Уловив в этих репликах издевку, Квазимодо сразу же спохватился, поняв, что загнул, не следовало перед этими контриками проболтаться, и сменил тон:

— Да замолчите, мужики, я вам сурьезно, а вы… Ну, ладно. Я вам ничего не сказал, а вы ничего не слыхали. Понятно?

— Понятно…

— То-то же…

Мы переглянулись. Эта новость, принесенная Квазимодо, прозвучала для нас как гром среди ясного дня. Если так, то можно ждать, что «родной отец» даст дуба, будут какие-то изменения, а возможно, амнистия.

Квазимодо окинул нас подозрительным взглядом. Он был возмущен, что не видел на наших лицах тени грусти, сострадания. Сердито сплюнув, он направился к воротам. Должно быть, уже сожалел, что поведал про свое горе, — еще, не дай Бог, узнает начальство о том, что он перед зеками проболтался…

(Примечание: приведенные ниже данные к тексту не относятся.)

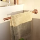 Cosmic håndklædeholderen er fremstillet i metal, og derefter belagt med en trykpåført pvd overfladebehandling i farven børstet kobber. En pvd behandling bidrager til et slidstærkt produkt, og sørger for at det ikke patinerer med tiden.
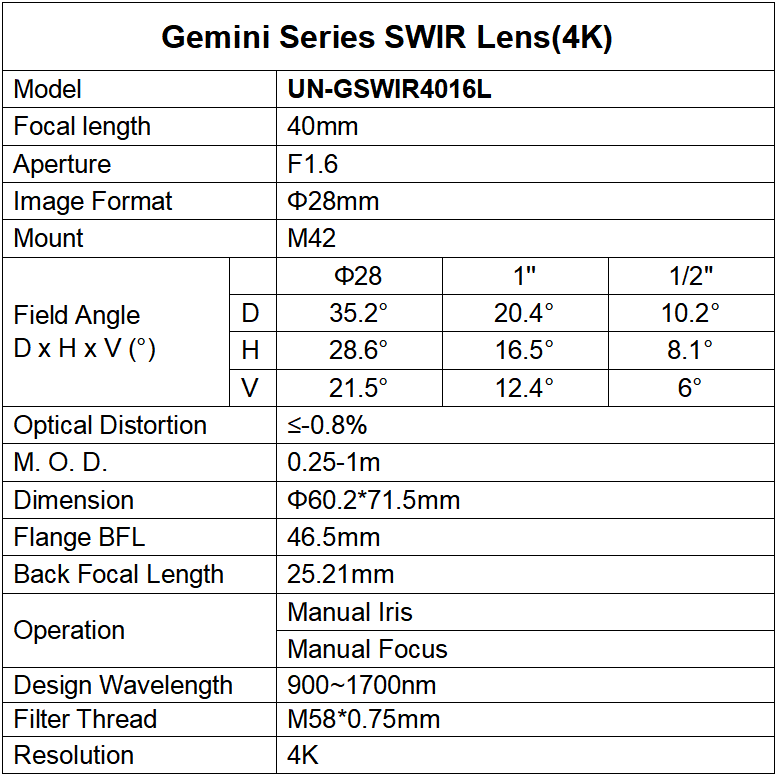 · Длина волны: 900-1700 м· Большая диафрагма, до F1.4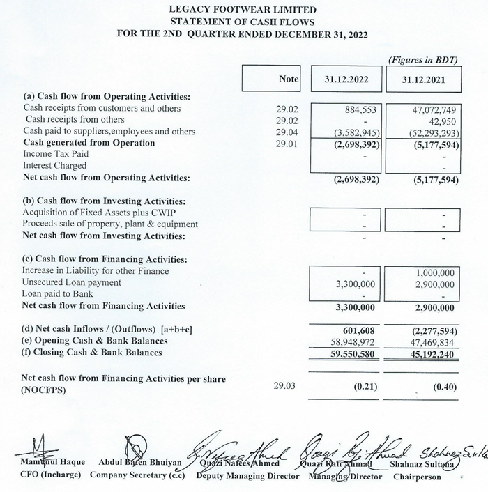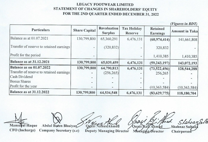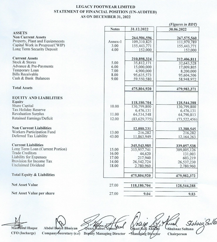 Statements of Financial Position (Un-audited) of Legacy Footwear Limited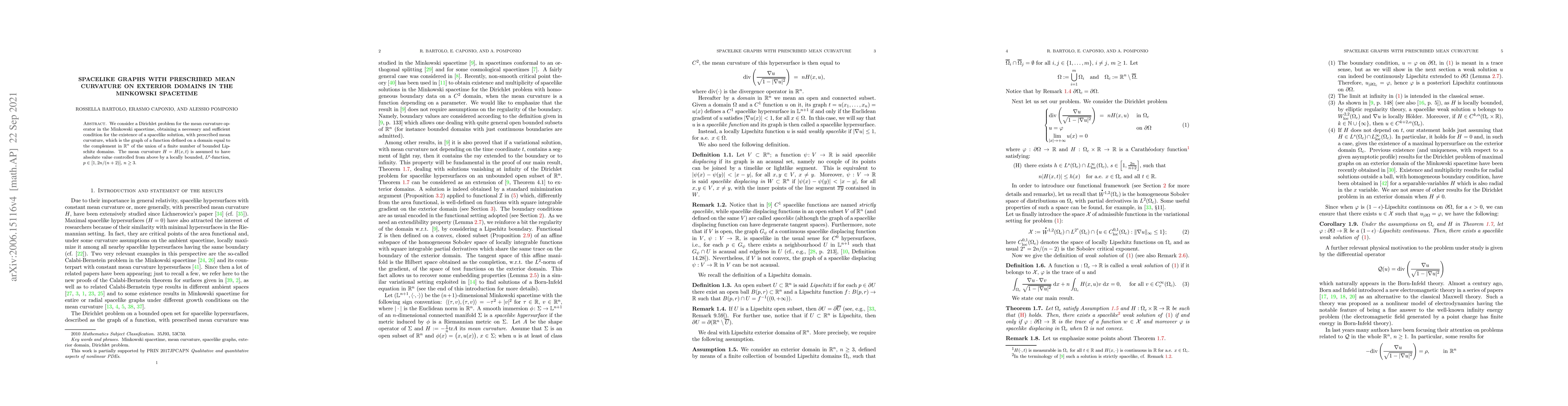 Two-line summary: This research addresses the Dirichlet problem for mean curvature in Minkowski spacetime, focusing on the existence of spacelike graphs with prescribed mean curvature. It establishes a necessary and sufficient condition for such graphs, which are defined on exterior domains excluding a finite number of bounded Lipschitz regions, under the assumption that the mean curvature is bounded by a locally controlled $L^p$ function.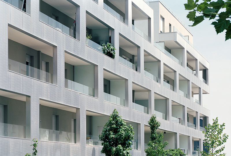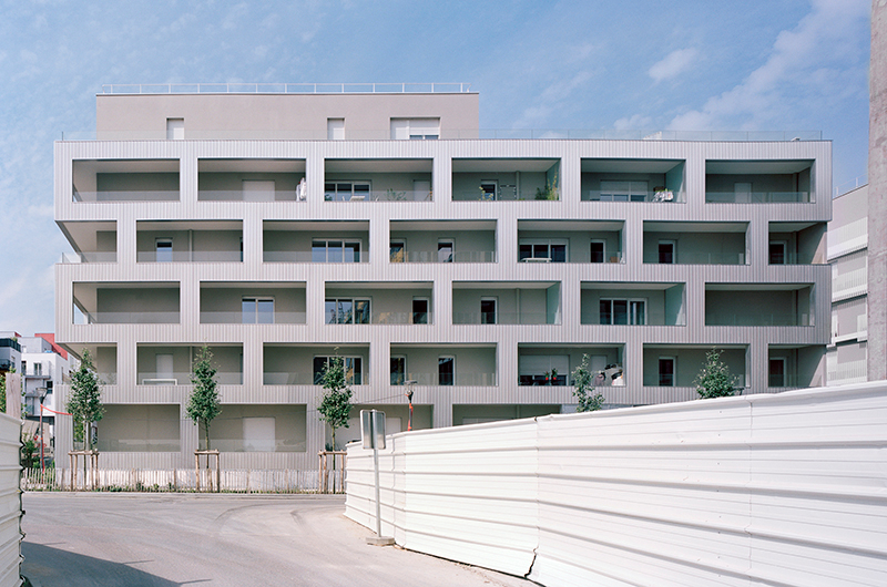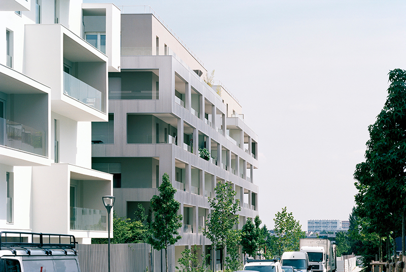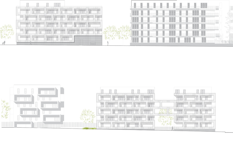 Le projet présente une bande de balcons de 1,50 m de profondeur, filant sur tout le linéaire de façade des deux rues qui le ceinturent et le long du mail piéton. Ces façades fondamentalement urbaines proposent un traitement lisse et uniforme par l’habillage du volume d’une paroi percée de grandes ouvertures horizontales. Conçue comme une double peau ajourée, elle enveloppe et réunie les deux bâtiments dans un traitement unique des façades à caractère urbain. Cette stratégie architecturale, tout en offrant une grande qualité de vie aux futurs habitants, permet de donner une autre échelle à la façade, un aspect généreux et qualitatif, celle-ci n’étant pas conditionnée par le dimensionnement normatif des baies de chaque logement. Les bâtiments s’implantent à l’alignement sur la voie 4 et la rue David Néel grâce au principe des balcons, tandis qu’ils opèrent des retraits en limite séparative. Sur la voie 4, la percée visuelle propose une échappée visuelle vers le cœur d’ilot et marque un accès paysager depuis la rue vers les halls d’entrée. Le principe de balcons filants en double peau, se prolonge et se dilate dans l’espace de la faille entre les deux bâtiments, afin d’offrir de généreux prolongements extérieurs aux logements situés aux angles et créer une unité de façade.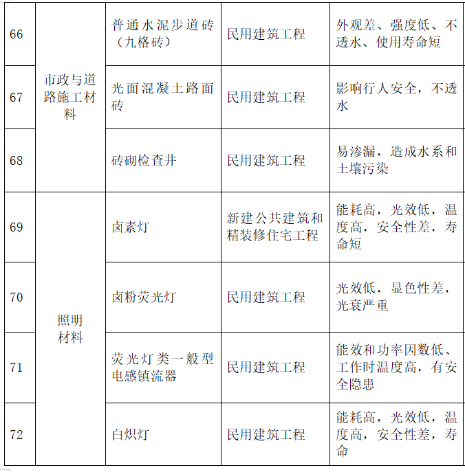 三、在工程建设项目使用或超范围使用《技术通告》所列落后技术、工艺和产品的,按相关法规予以处罚。《技术通告》未列入的技术、工艺和产品,国家和我市法律法规、政策、标准规定禁止或限制使用的,按相关法律法规、政策、标准规定执行。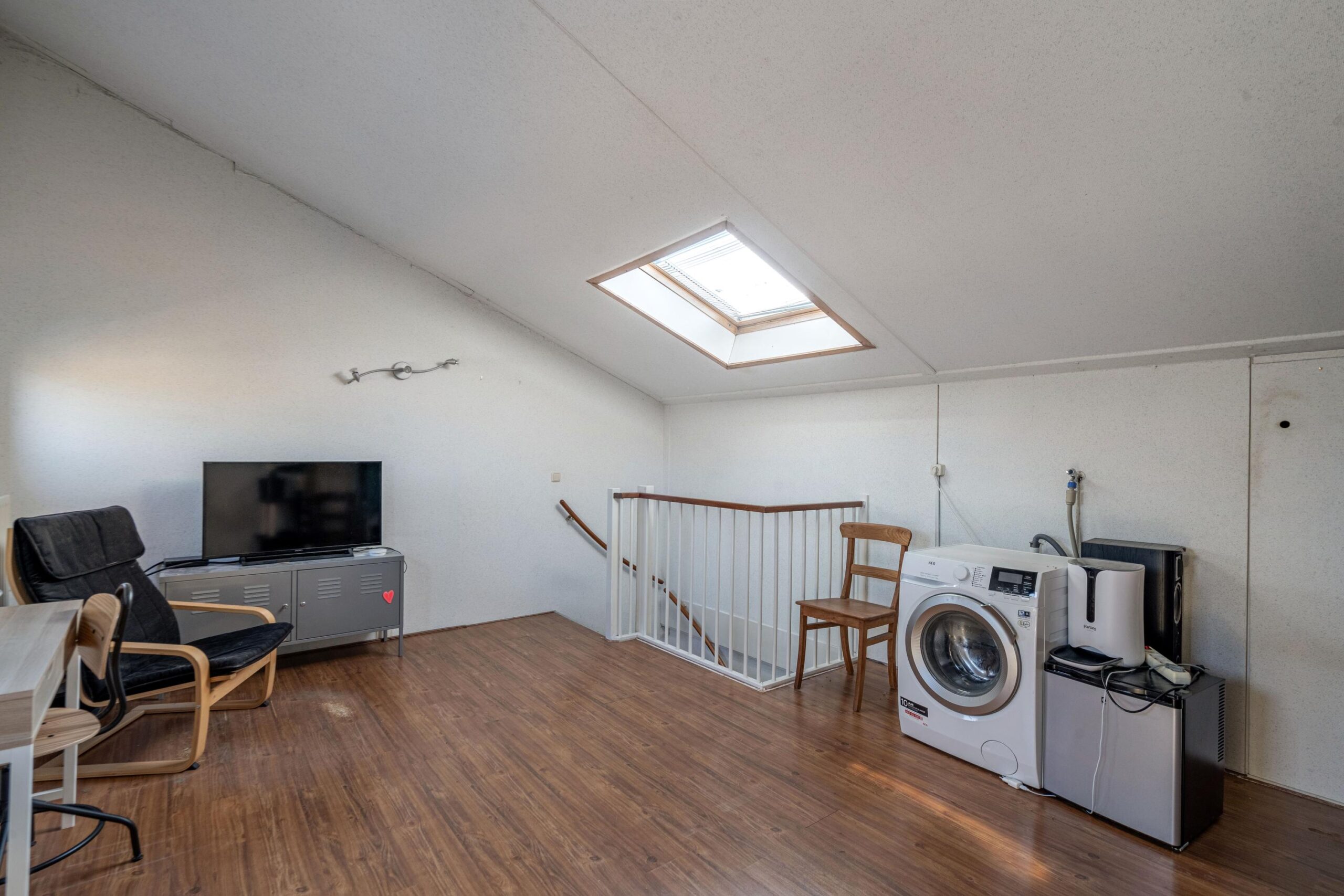 De zolderverdieping is afgesloten met een deur en bereikbaar via een vaste trap en biedt volop mogelijkheden. Er is een laminaatvloer en er zijn 2 veluxdakramen. Op zolder vindt u de aansluiting voor de wasmachine. Achter het grote knieschot is volop bergruimte aanwezig!

А мы отставили в сторону лопаты, собрались в гурт и принялись негромко обсуждать это событие.

Уже на следующий день все узнали, что умер Сталин…

Никто не представлял себе, что будет без него: лучше или хуже?

У нас, за колючей проволокой, это известие восприняли однозначно: наконец-то страна избавилась от тирана. А что дальше? Но, как бы там ни было, думали мы, хуже быть уже не может! И все-таки людей охватила тревога. Кто придет вместо него?

В ночную смену кто-то из наемных шахтеров со всеми подробностями рассказал, как мы все «осиротели», нет у нас больше «гениального вождя и учителя», неизвестно, кто отныне поведет дальше «корабль Коммунизма». Не утонул бы такой корабль… На шахте люди не работали. Собирались кучками, спорили, шумели.

Не менее шумно было в зоне. Из барака в барак переходили разные слухи. Каждый высказывал свое мнение. Одни — грустили, не представляя себе, что теперь будет. Больше всех спорили арестанты, у которых были большие сроки, негромко шептали те, у которых сроки были поменьше. Кто попадет по амнистии, если таковая будет объявлена. Но все замолкали, словно в рот воды набрали, когда появлялись начальники — большие или малые. Они ходили растерянные, не зная, как быть: умер их кумир — кому теперь служить? Они появлялись неожиданно, прислушивались, принюхивались — о чем зеки толкуют? На всякий случай усилили охрану. На вышках появились пулеметы, стало строже. На ночь бараки запирались на крепкие замки. Никого не выпускали без конвоиров.

Квазимодо по-прежнему прохаживался вразвалку, неторопливым шагом. При нем уже не было палки, и он старался быть сдержаннее, меньше ругать зеков, старался ни с кем не вступать в разговор. Мало что нынче может быть. Он был необычно молчалив, сосредоточен, задумчив. А думал, видать, о том, что, упаси Господь, если в самом деле объявят амнистию — а об этом его начальство поговаривает — и всех зеков освободят, отпустят домой, куда тогда он, Квазимодо, и его сослуживцы денутся? Кому они нужны будут? Бедняга, построил на околице поселка, неподалеку от лагеря, избушку и живет с жинкой, горя не зная, получает хорошее жалованье, добротную обмундировку, жратвы тоже хватает, пасется помаленьку на арестантской кухне — повара не обижают, — всегда с кошелкой уходит с дежурства домой. Так бы и существовать до конца дней. И что же будет, когда эта служба кончится и станет, не дай Бог, безработным? Что будет, если уволят в запас? Пропадет.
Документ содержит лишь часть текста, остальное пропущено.